_What is expected_:
In the material below, find the line that contains "A Fita Microporosa" and the line that contains "그러나 EventBridge ->", then write out exactly those two lines and everything between them.

_Data records_:
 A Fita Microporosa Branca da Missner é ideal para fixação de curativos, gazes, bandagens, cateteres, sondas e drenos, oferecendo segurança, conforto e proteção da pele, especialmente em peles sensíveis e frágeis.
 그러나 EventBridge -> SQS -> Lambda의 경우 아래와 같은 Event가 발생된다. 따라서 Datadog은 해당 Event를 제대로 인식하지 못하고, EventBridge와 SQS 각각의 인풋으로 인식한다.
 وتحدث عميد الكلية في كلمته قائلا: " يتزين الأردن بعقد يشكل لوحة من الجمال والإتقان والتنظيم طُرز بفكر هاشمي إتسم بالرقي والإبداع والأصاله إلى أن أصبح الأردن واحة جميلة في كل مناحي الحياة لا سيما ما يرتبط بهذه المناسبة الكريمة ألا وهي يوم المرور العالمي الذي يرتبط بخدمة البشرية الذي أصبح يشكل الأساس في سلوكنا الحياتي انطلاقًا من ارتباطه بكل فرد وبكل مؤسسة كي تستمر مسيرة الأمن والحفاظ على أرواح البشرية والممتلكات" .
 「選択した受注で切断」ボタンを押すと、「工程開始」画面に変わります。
* * *
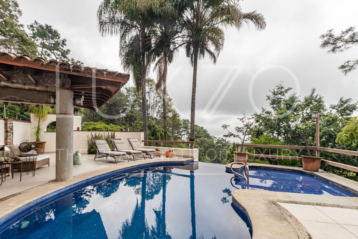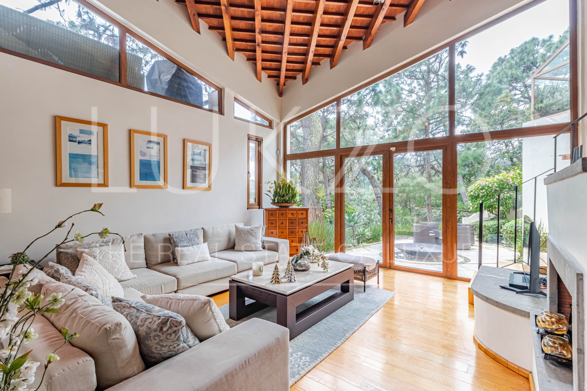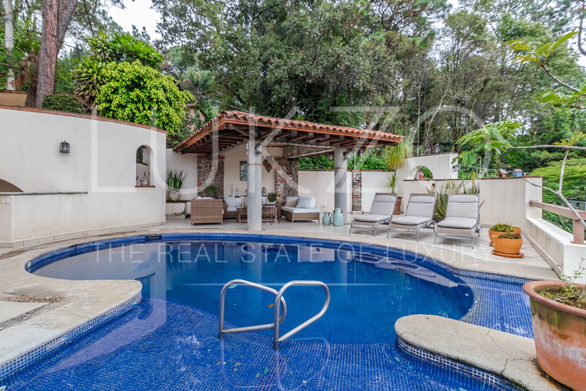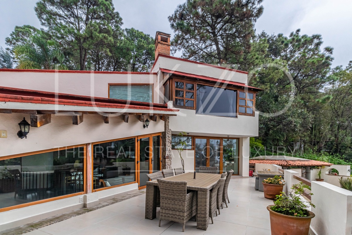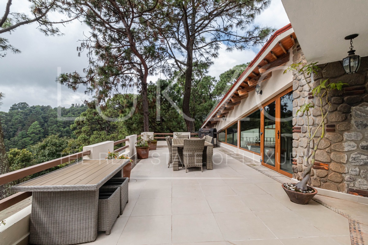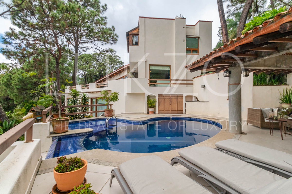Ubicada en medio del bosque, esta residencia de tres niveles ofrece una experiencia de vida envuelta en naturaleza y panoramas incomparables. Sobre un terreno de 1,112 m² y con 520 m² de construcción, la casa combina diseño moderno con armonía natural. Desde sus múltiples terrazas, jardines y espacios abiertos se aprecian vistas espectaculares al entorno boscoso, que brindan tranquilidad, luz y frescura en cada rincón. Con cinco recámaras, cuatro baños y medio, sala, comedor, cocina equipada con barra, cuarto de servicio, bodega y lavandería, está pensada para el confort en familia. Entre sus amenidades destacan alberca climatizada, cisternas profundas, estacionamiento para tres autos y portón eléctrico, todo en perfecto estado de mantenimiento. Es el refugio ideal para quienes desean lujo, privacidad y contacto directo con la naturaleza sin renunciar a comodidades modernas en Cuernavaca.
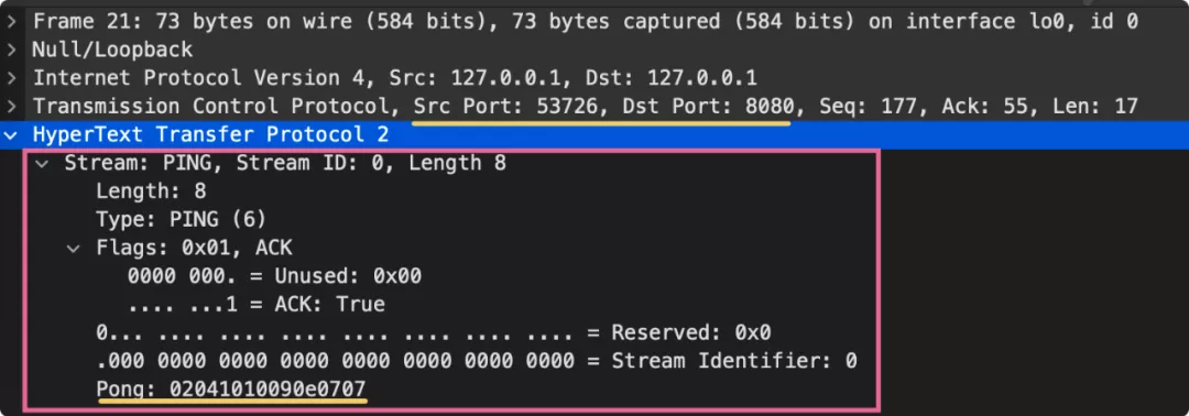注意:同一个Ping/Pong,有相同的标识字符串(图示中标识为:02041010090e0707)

_Task solution_:
 A Fita Microporosa Branca da Missner é ideal para fixação de curativos, gazes, bandagens, cateteres, sondas e drenos, oferecendo segurança, conforto e proteção da pele, especialmente em peles sensíveis e frágeis.
 그러나 EventBridge -> SQS -> Lambda의 경우 아래와 같은 Event가 발생된다. 따라서 Datadog은 해당 Event를 제대로 인식하지 못하고, EventBridge와 SQS 각각의 인풋으로 인식한다.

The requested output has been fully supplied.